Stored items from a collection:
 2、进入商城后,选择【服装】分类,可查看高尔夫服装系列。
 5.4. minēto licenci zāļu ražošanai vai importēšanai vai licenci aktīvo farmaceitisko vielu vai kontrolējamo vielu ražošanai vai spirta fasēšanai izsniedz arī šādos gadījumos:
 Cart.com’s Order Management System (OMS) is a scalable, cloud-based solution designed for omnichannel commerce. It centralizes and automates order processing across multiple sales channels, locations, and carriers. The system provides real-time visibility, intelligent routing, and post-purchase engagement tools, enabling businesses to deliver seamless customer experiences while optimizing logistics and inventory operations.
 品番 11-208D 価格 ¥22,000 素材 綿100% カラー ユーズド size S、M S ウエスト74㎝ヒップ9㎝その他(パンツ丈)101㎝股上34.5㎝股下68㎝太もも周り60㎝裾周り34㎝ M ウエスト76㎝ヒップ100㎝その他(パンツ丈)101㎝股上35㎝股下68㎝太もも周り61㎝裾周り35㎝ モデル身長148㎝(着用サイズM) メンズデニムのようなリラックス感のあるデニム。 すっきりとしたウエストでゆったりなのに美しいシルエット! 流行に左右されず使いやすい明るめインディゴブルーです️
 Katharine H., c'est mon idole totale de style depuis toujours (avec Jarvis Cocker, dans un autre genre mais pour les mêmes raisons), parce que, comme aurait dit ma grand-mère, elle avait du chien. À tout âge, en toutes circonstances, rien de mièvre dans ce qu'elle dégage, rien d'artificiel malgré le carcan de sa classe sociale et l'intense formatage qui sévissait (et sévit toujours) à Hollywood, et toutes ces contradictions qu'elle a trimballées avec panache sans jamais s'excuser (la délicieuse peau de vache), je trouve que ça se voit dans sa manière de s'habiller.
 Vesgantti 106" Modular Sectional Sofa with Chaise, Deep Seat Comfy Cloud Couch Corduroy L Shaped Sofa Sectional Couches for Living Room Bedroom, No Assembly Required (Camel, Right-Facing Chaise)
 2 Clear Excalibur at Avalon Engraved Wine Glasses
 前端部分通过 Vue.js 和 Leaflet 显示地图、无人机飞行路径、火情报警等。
--
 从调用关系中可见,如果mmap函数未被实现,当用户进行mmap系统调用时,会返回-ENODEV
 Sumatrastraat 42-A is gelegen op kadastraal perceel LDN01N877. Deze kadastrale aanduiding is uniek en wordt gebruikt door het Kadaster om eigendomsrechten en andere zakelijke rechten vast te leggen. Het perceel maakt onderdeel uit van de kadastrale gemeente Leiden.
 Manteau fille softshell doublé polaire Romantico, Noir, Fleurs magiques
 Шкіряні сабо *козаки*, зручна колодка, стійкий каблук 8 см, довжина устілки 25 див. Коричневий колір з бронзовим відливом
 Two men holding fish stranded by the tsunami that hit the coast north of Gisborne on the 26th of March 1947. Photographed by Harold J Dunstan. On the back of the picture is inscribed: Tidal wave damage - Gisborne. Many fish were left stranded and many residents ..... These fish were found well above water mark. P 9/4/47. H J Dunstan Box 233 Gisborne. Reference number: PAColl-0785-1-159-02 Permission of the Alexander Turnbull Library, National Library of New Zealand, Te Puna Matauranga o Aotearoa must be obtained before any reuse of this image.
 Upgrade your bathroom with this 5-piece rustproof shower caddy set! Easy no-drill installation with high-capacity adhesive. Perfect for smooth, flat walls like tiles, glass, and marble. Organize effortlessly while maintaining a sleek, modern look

Exercise aim: Scan the lines above, and whenever one holds the string "with", copy it.

Answer below:
 Vesgantti 106" Modular Sectional Sofa with Chaise, Deep Seat Comfy Cloud Couch Corduroy L Shaped Sofa Sectional Couches for Living Room Bedroom, No Assembly Required (Camel, Right-Facing Chaise)
 Upgrade your bathroom with this 5-piece rustproof shower caddy set! Easy no-drill installation with high-capacity adhesive. Perfect for smooth, flat walls like tiles, glass, and marble. Organize effortlessly while maintaining a sleek, modern look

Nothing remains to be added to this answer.